When Republicans downplay the importance of women’s issues, reporters should provide historical perspective
On Friday, the Durango Herald ran an article on newly-minted CO Republican Senate candidates, state legislators Owen Hill and Randy Baumgardner.
The Herald reported that Hill has taken strong anti-choice stands in the past. (Opponents say he supported de-funding Planned Parenthood in Colorado.) And Baumgardner “pitched an Arizona-style immigration law for Colorado two years ago when he was in the House.”
The Herald’s Paige Jones reported that Owen Loftus, a spokesman for the Colorado Republican Party, “downplayed the candidates’ proposals on abortion and immigration – both of which quickly failed – and said voters make their decision based on a range of issues.”
“People in Colorado don’t vote on just two issues. They vote on the whole package,” he said.
Maybe they don’t vote on just two issues, but Jones should have asked Loftus how he could possibly downplay the importance of women’s issues, like abortion, and immigration after Loftus’ deflating experience as spokesman for Ken Buck’s failed Senatorial campaign in 2010.

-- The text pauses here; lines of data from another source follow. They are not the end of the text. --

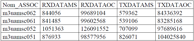 Dans le cas de la couche d’adaptation M3UA, la Sonatel l’utilise pour la configuration des liens SIGTRAN des PTS vers les différents noeuds du coeur réseau NGN. Nous avons mis en évidence des exemples concrets dans ce tableau pour justifier les théories déjà vues dans les cours. Il a été dit dans le paragraphe II.2.1 que la couche d’adaptation M3UA assure l’acheminement de messages ISUP ou SCCP entre un SG et un MGC en fournissant une interface MTP3 à la couche supérieure (ISUP, SCCP). C’est dans le même sens que la configuration a été effectuée, par exemple sur les liens d’association des MSoft X3000 (MSC NGN) et les STP. Voici l’interprétation du tableau suivant issue des études et analyses effectué après l’observation de ces liens. La première colonne indique le nom d’association du lien et les autres paramètres sont exprimés dans l’annexe B. Il est à noter qu’une association se réfère à une association SCTP. L’association fournit le transport pour des unités de données de protocole (SCTP du terminal local et SCTP du terminal distant) et des messages de couche d’adaptation paire (M3UA du terminal locale et M3UA du terminal distant). Par exemple, le paramètre (RXDATAMS) représente le nombre de messages de données reçus par le STP de l’ASP (Application Service Part) dans la couche M3UA, ici c’est les MSC06 et MSC05 qui sont les ASPs.
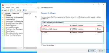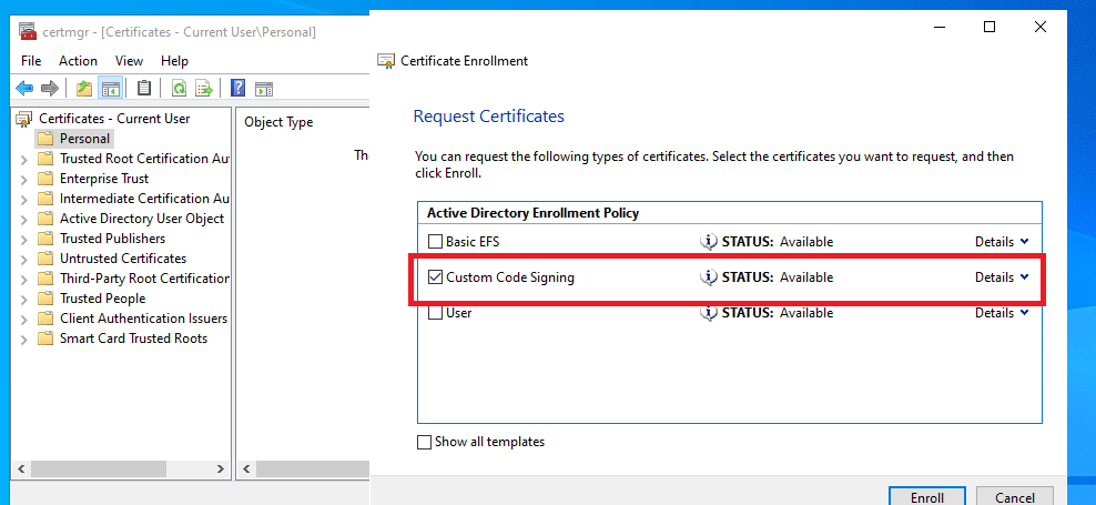 If you have enough privileges you can request a code signing certificate (In my environment the WSUS Administrator can)
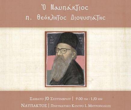 Το Σάββατο 30 Σεπτεμβρίου 2023, στο Πνευματικό της Κέντρο η Ιερά Μητρόπολη Ναυπάκτου και Αγίου Βλασίου διοργανώνει το Θ΄ Θεολογικό Συνέδριο, με την ευκαιρία της εορτής του αγίου Ιεροθέου Α΄ Επισκόπου Αθηνών με γενικό θέμα: «Ο Ναυπάκτιος π. Θεόκλητος Διονυσιάτης».
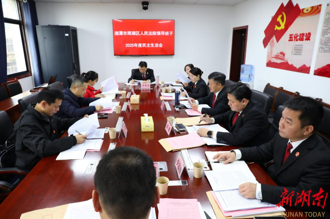 湖南法治报·新湖南客户端讯(通讯员 琚珍珍)近日,湘潭市雨湖区人民法院党组召开2025年度民主生活会。区委政法委副书记王强、区委督导组成员到会指导。区人民法院党组书记、院长杨立主持会议,班子全体成员参加会议。
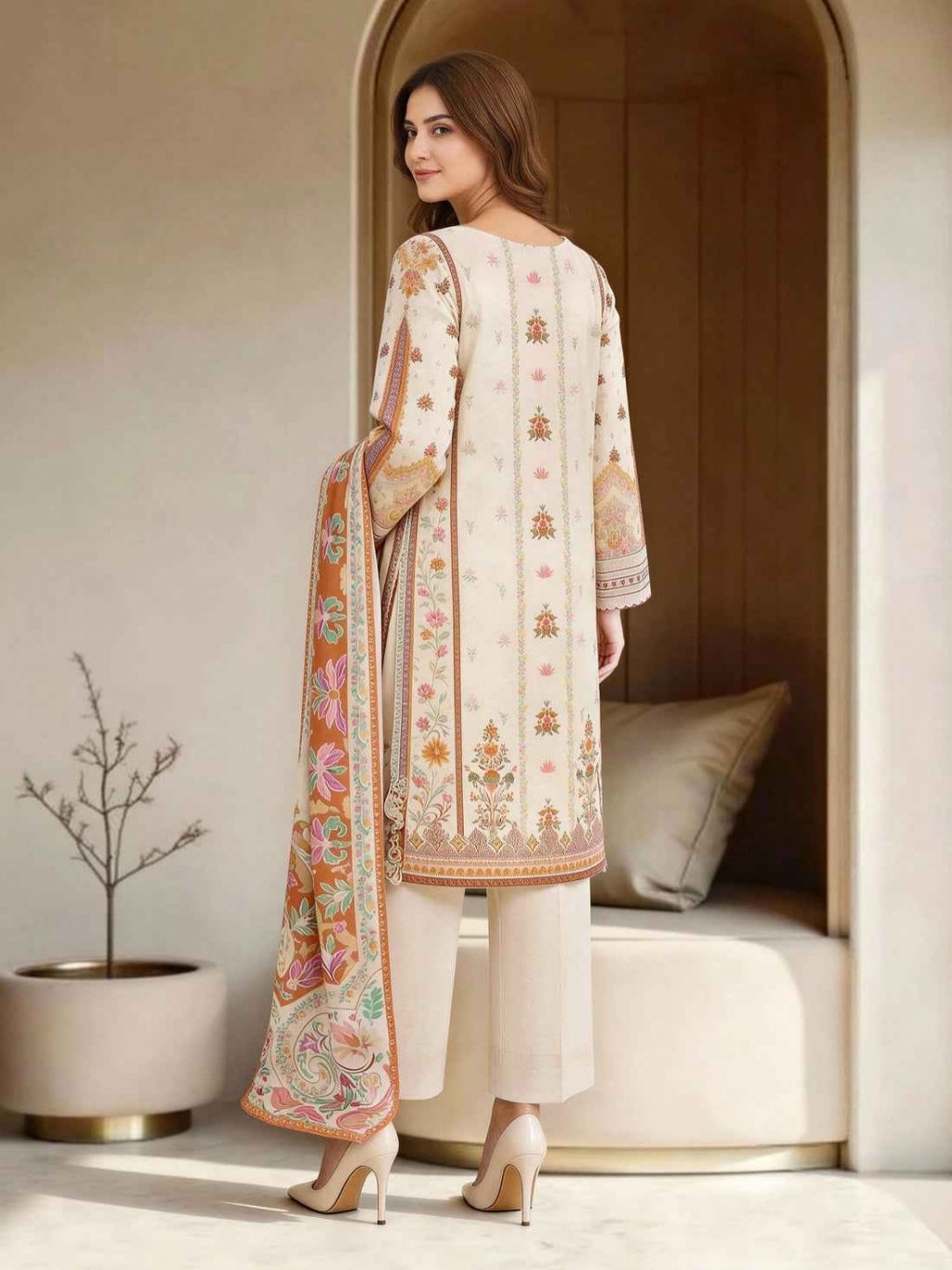Shirt Embroidered- 2.33m Fabric: Lawn Dupatta Printed- 2.5m Fabric: Voile Bottom Dyed- 1.8m Fabric: Cambric Color: Off White
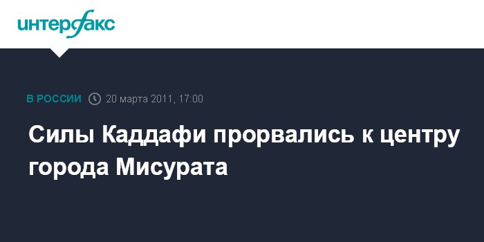Лондон. 20 марта. INTERFAX.RU - Солдаты ливийской армии, верной полковнику Муамару Каддафи, в воскресенье при поддержке танков вышли в центр города Мисурата, находившегося под контролем оппозиции. Британская телерадиокорпорация Би-би-си сообщает, что порт города блокировали корабли ливийского лидера. В результате обстрела и столкновений в городе погибли не менее 10 человек, еще 40 человек были ранены.
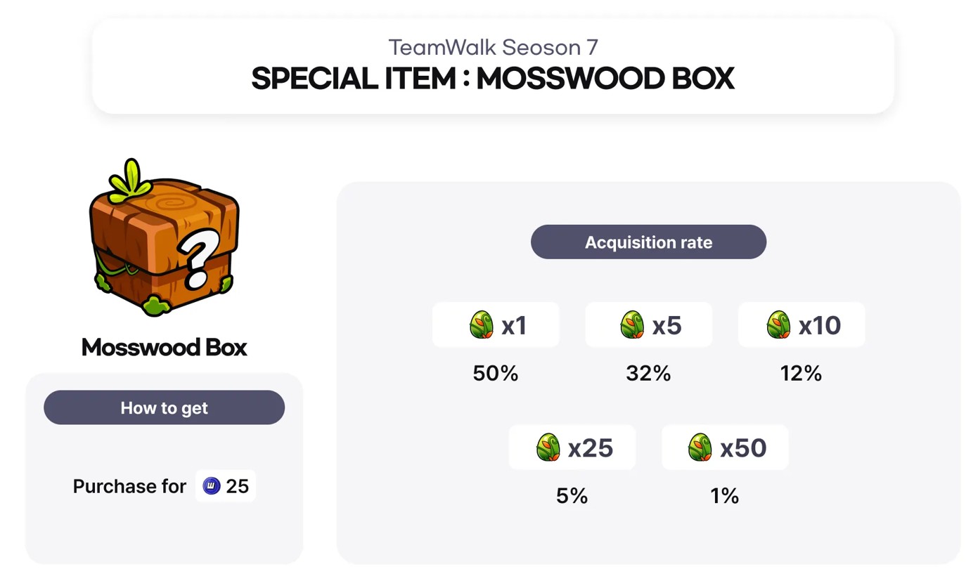 - Mosswood Boxは、TeamWalk Passの報酬を通して獲得、または25WALKで購入することができます。
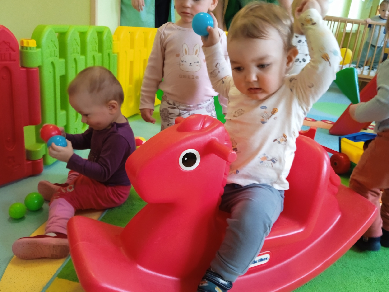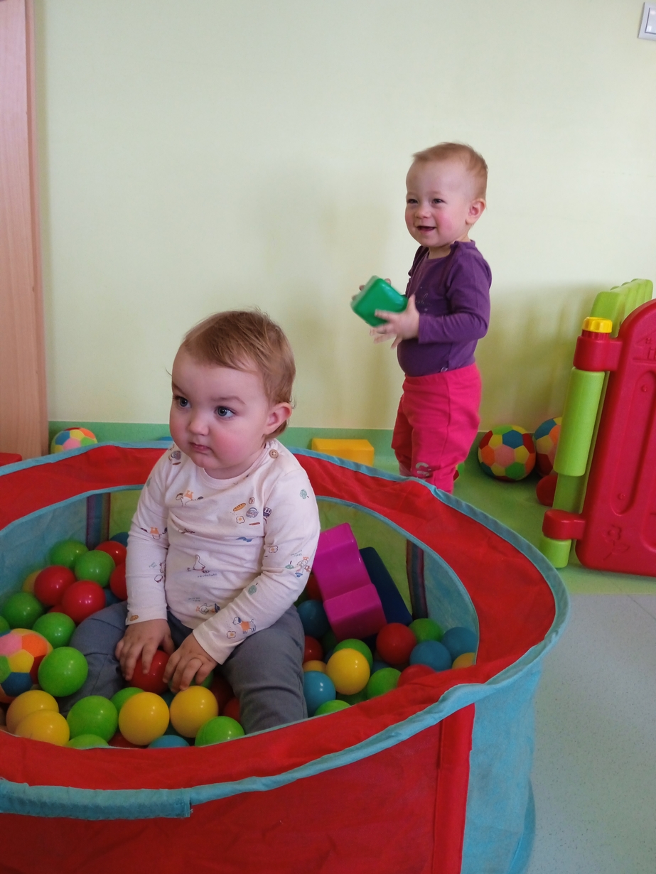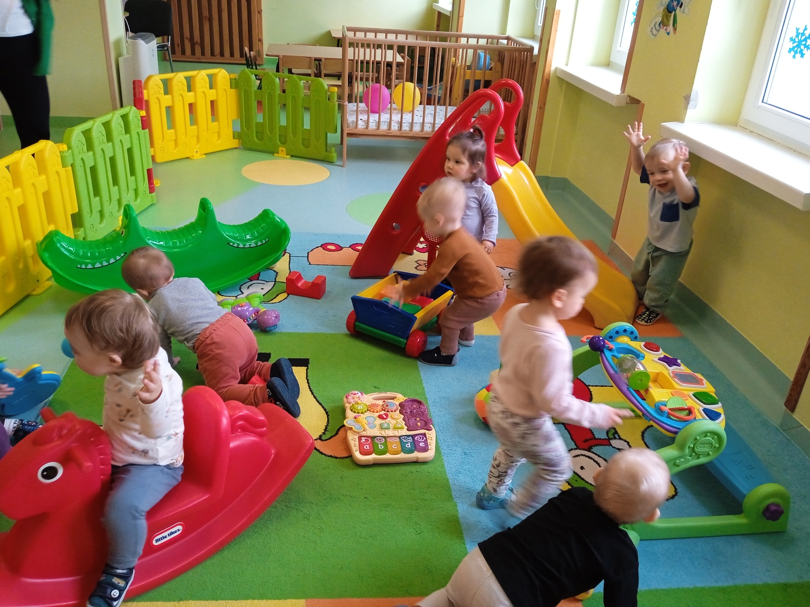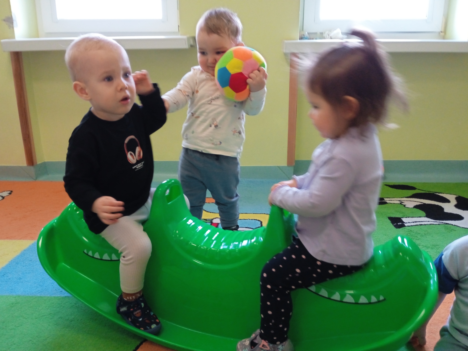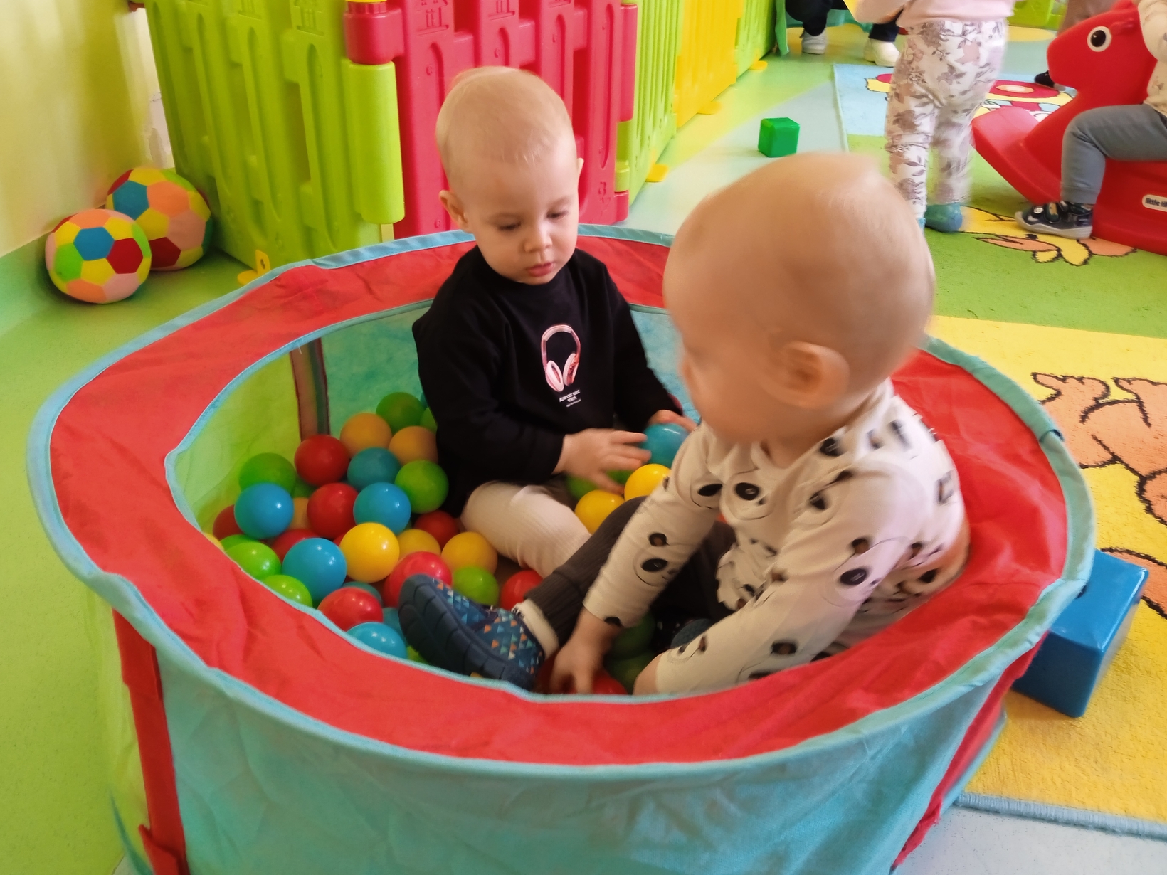 Na zewnątrz deszczowa pogoda. Ciocie urozmaiciły czas dzieciom z grupy ,, Żabki" organizując salę zabaw pełną atrakcji i wesołej zabawy.

Buck was poised to win his race, you recall, and before the 2010 election, Republicans like Loftus were saying the same thing about itsy-bitsy women’s issues: they don’t matter. And look what happened to Buck.
At the time, as Buck was attacked as an anti-abortion extremist, Buck campaign consultant Walt Klein told The Denver Post:
“If they think they can make Michael Bennet a more appealing incumbent by going on and on about abortion, then fire away. But all the polling data show economy, jobs and unemployment is pushing all the other issues to the bottom of the chart.”
Responding to a news story about a college student who was angry at Buck for telling reporters that the student would be accused of having “buyer’s remorse” if her rape case went to trial, Loftus told The Denver Post: “When it comes to women and men, they’re worried about jobs. … That’s what everyone cares about. Voters understand this is a machine set up to smear Ken Buck, and they aren’t buying it.”
As everyone now knows, Loftus was wrong then, he’s wrong again, and reporters should press him on why he continues to say the same lines even though he’s had a two-bit role in the history that proves him wrong. Loftus did not immediately return an email seeking comment.
Three days after 2010 election, Buck himself told The Denver Post:
“My effort was to focus on spending and unemployment, and they wanted to talk about anything but,” Buck said. “It was part of their effort to focus more on their version of Ken Buck rather than the issues that I thought most voters were concerned about. I don’t know that there’s any way to avoid it; I wasn’t going to derail my message to have an election decided on abortion, or any social issue, for that matter.”
The Post’s Michael Booth did readers a favor by following up Buck’s quote with this:
The irony is, of course, that the election may have been decided on precisely those issues, with even Republican analysts saying the Democratic strategy hurt Buck among independent women in Arapahoe and Jefferson counties. The final margin with Bennet was fewer than 20,000 votes, out of 1.5 million cast.